Reputation: 53
I'm looking to select the last part of of the string, namely the (current address xxxxx)
Here's the data:
Full Name: John Smith
May Go By: John C Smith
Johnathon Smith
Johnny Smith
Johnny C Smith
Age: 45
Current Address:
1234 SE 2nd st
Los Angeles, CA 12345
Now out of this data I extracted, I literally just want the
Current Address:
1234 SE 2nd st
Los Angeles, CA 1234
But since the address changes with every page I scrape, I want to make sure it just scrapes from the CURRENT ADDRESS: to the end of the string via Regex.
So far I've got
\w{7}\s\w{7}\s
as a regex but it just selects the Current Address part of the string and I can't figure out what to enter to have it finish off the rest of the string.

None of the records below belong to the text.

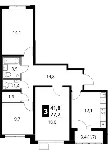 18 429 440 ₽3-к.квартира, 77.4 м², 17 эт.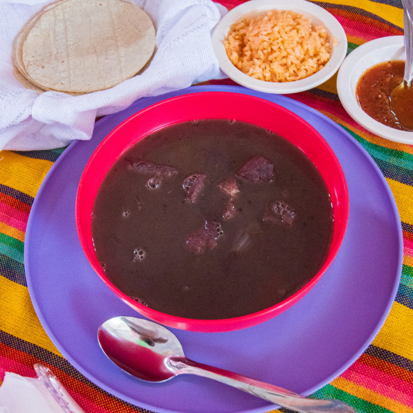 1Lt de caldo de frijol acompañado de arroz, tortillas y salsa tatemada.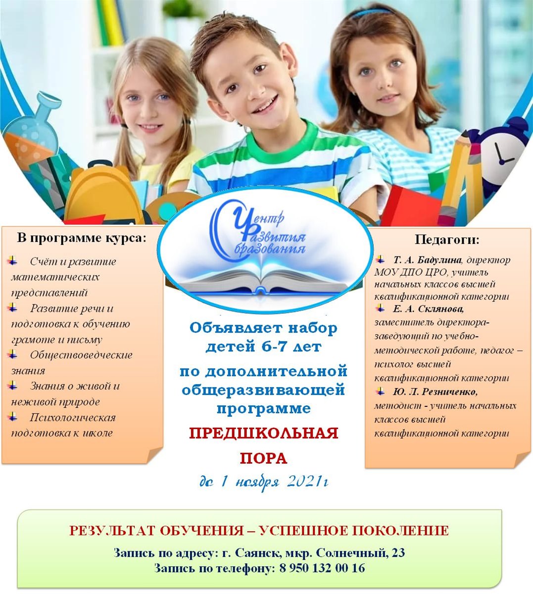 Центр развития образования объявляет набор детей по дополнительной общеобразовательной программе "Предшкольная пора" до 1 ноября 2021 года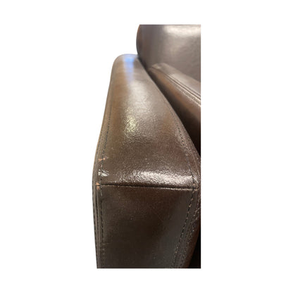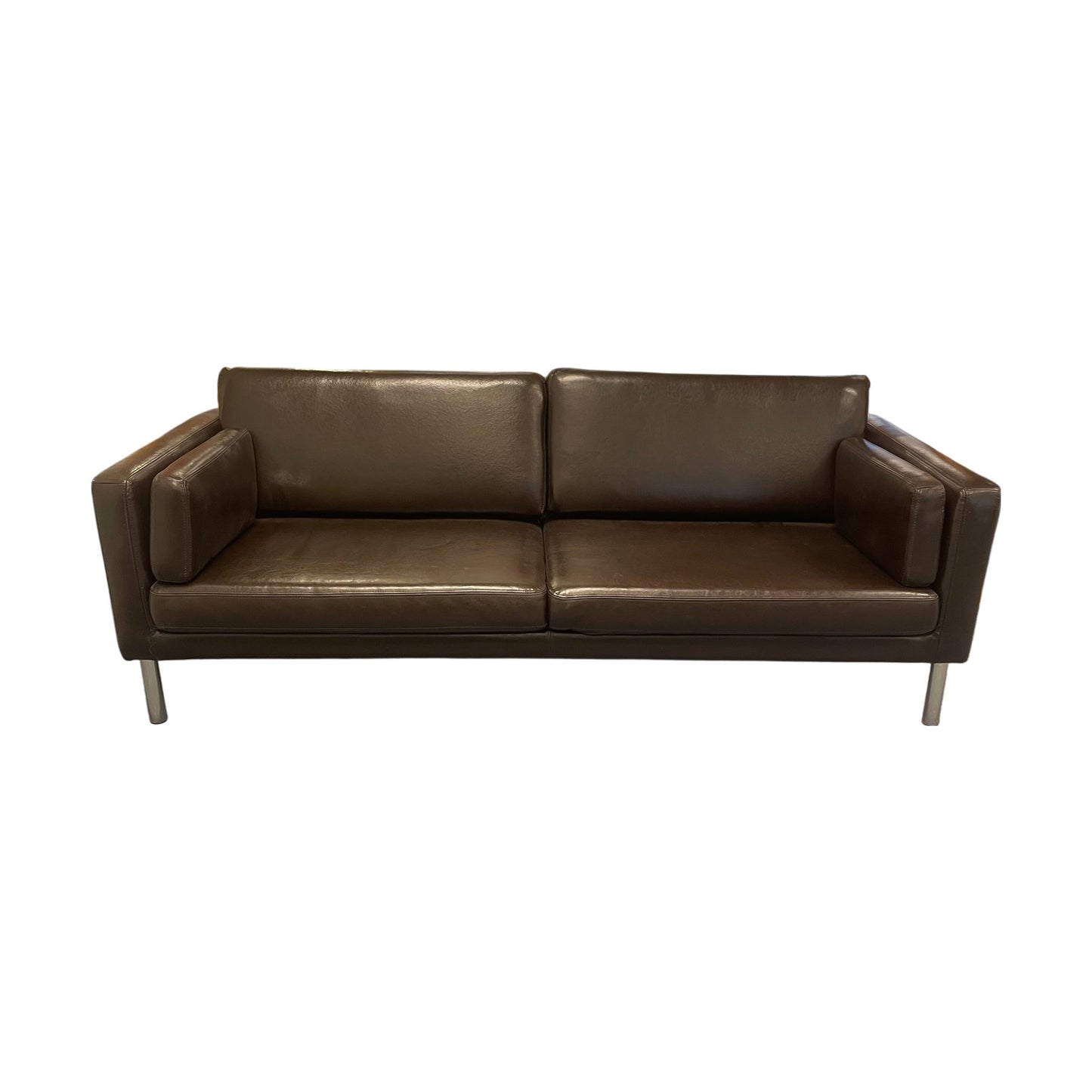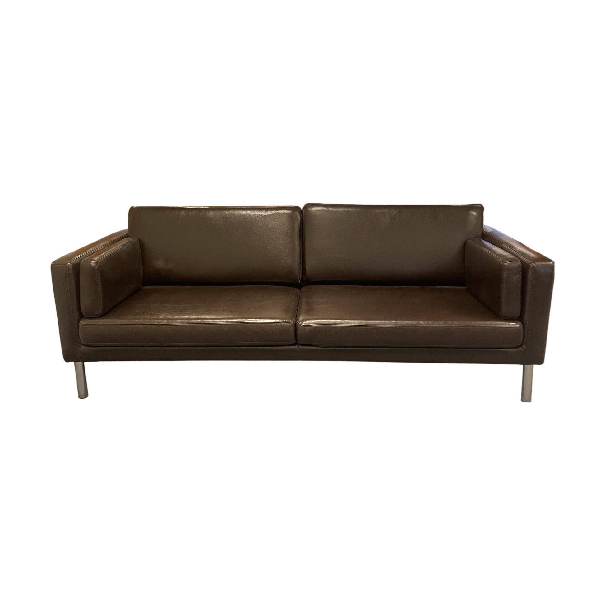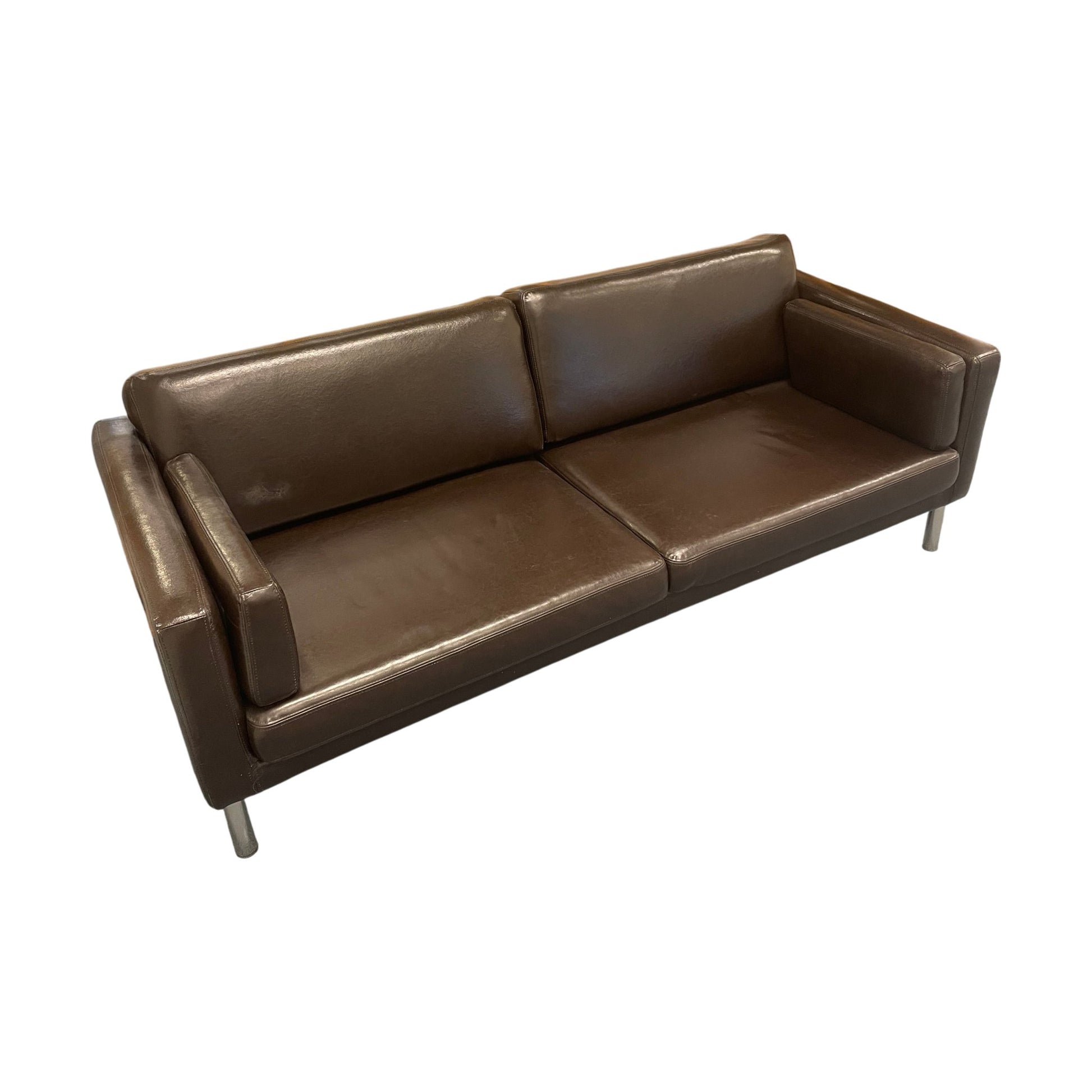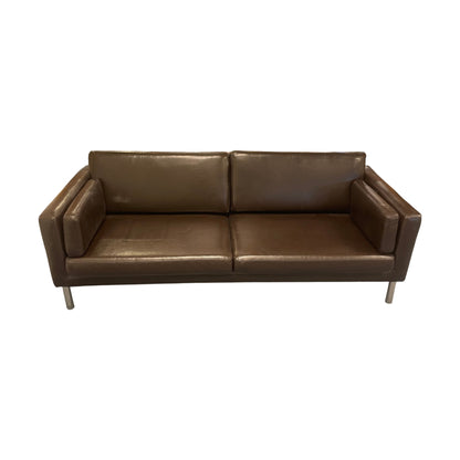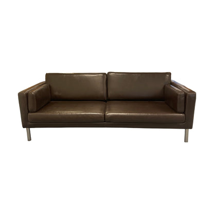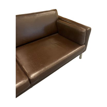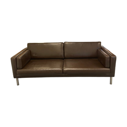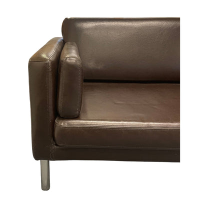 Stilig 3-seter sofa fra IKEA i brunt lær som gir en varm og innbydende atmosfære. Perfekt for stua, venterommet eller kontoret, tilbyr den både komfort og eleganse i hverdagen.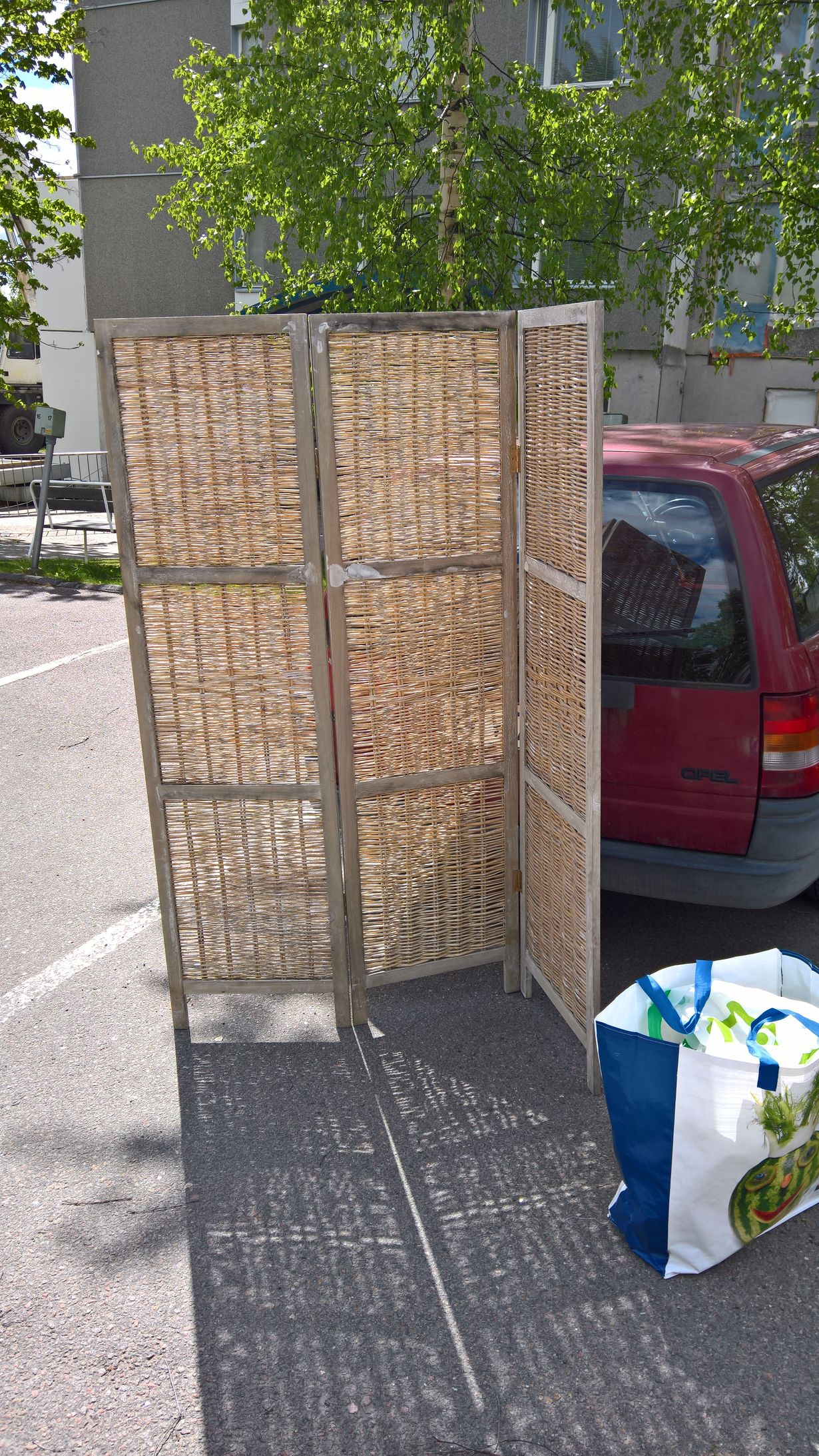 Kummityttö valitti liiasta auringonpaisteesta parvekkeellaan ja etsi jotain siirrettävää suojaa. Ei oikein löytynyt mieleistä niin tehtiin sermi oikein mittojen mukaan ja haluammallaan värillä.

edit: I do want to keep the regex code that keeps in the current address part of the string since it's static and the only thing that changes from page to page is the address so I want to make sure whatever regex code will just continue until the string ends.
Thanks
Upvotes: 1
Views: 438
Reputation: 6958
(^Current Address:.+)
with Dot Matches Newline Mode enabled
This formatted version of that regex that has the multi-line/dot-matches options added but will not be compatible for all flavors of regex, but it will for quite a few: (?mis)(^Current Address:.+)
If you decide you don't want to keep the Current Address text, you can do:
^Current Address:[ ]\r\n(^.+$)+|^Current Address:[ ]\n(^.+$)+
and only retain capture-group 1.
Since .NET was specified in the comments, here is a sample code-snippet generated by RegexBuddy for C# to create an object with all regex matches in a string:
MatchCollection allMatchResults = null;
try {
Regex regexObj = new Regex("(^Current Address:.+)", RegexOptions.Singleline | RegexOptions.Multiline);
allMatchResults = regexObj.Matches(subjectString);
if (allMatchResults.Count > 0) {
// Access individual matches using allMatchResults.Item[]
} else {
// Match attempt failed
}
} catch (ArgumentException ex) {
// Syntax error in the regular expression
}
Upvotes: 2